Once again I have heard from someone who was put off by a Superliner roomette. Or, rather, by the size of the roomette.

The lady in question was sending one of her nieces back to college on the West Coast and, being a generous soul, she had booked a roomette for the young lady on Amtrak’s Southwest Chief.

“I took Margaret to the station and helped her board the train, ” she said. “I took one look at her accommodations and I knew I could never spend even two hours in that tiny little box.”

But of course you could! Millions of people have traveled quite happily in Superliner roomettes for decades. Yes, it’s compact—I’ll give you that—but it’s pretty well designed, with almost everything you need at your fingertips.

Yes, there is no toilet in each roomette, but there are four lavatories in each Superliner sleeping car and there is a wonderful shower/changing room, too.

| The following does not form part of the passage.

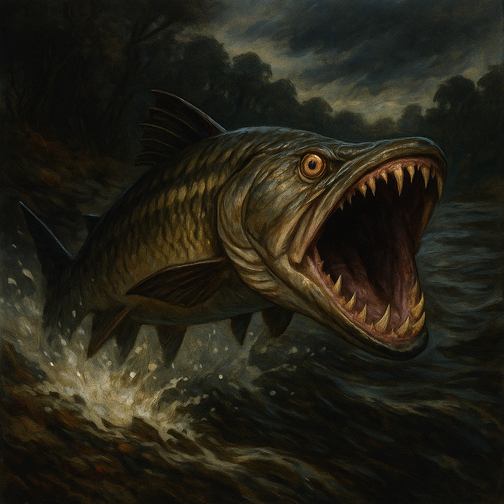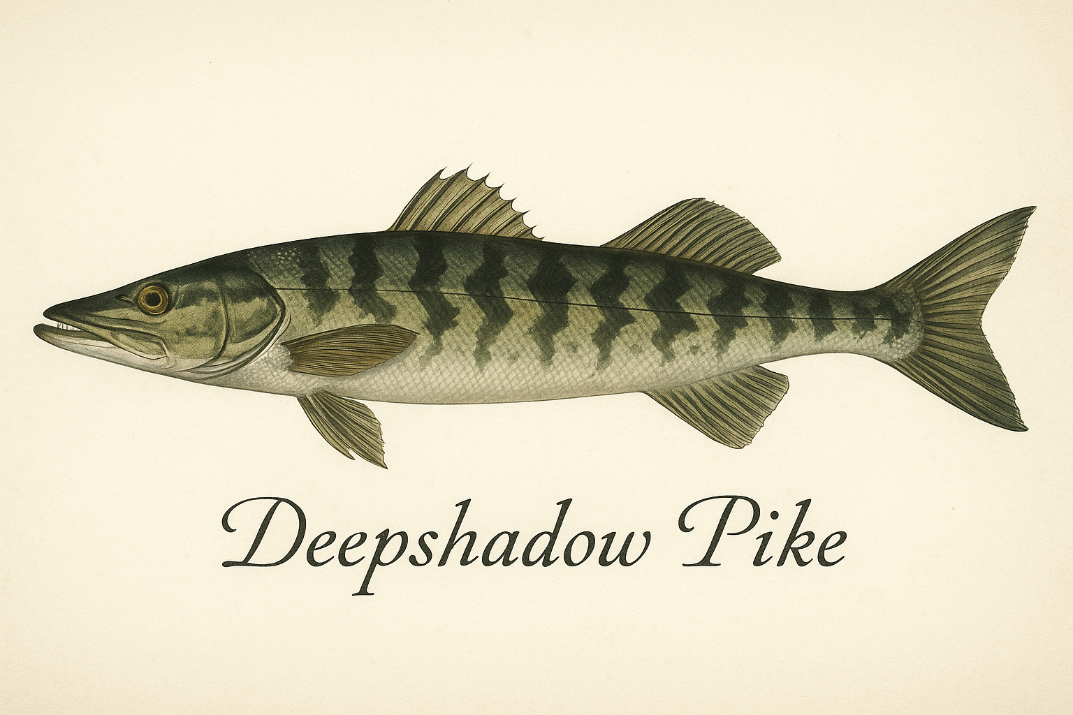 A long, torpedo-bodied predatory fish with jagged black striping over dark green scales found within the deep slow-moving channels of the River Chionthar in Faerŭn. Its gaping maw is lined with razor teeth. The Deepshadow Pike averages 5 feet (1.5 m) in length, but some up to 8 feet (2.4 m) have been found on rare occasion.

And remember that you are certainly not confined to your roomette. You’ll be off to the dining car three times a day and I certainly hope you’ll spend some time in the lounge car, with its floor-to-ceiling windows and a snack bar on the lower level.

I will say there was one omission in the original design that does bother me: there is no window for the second occupant in the roomette, who sleeps in the upper berth.  It’s reasonably comfortable up there, but without a window it can be  claustrophobic for some people.

On those occasions when my wife travels with me, I book two roomettes on opposite sides of the aisle— numbers 5 and 6, for example.  With our doors open, we can converse quite easily in near-normal tones; it’s not a problem if one of us wants to nap; we can see out of both sides of the train (that’s a big plus); and neither of us (well, that would be me) has to climb up into that little upper bunk.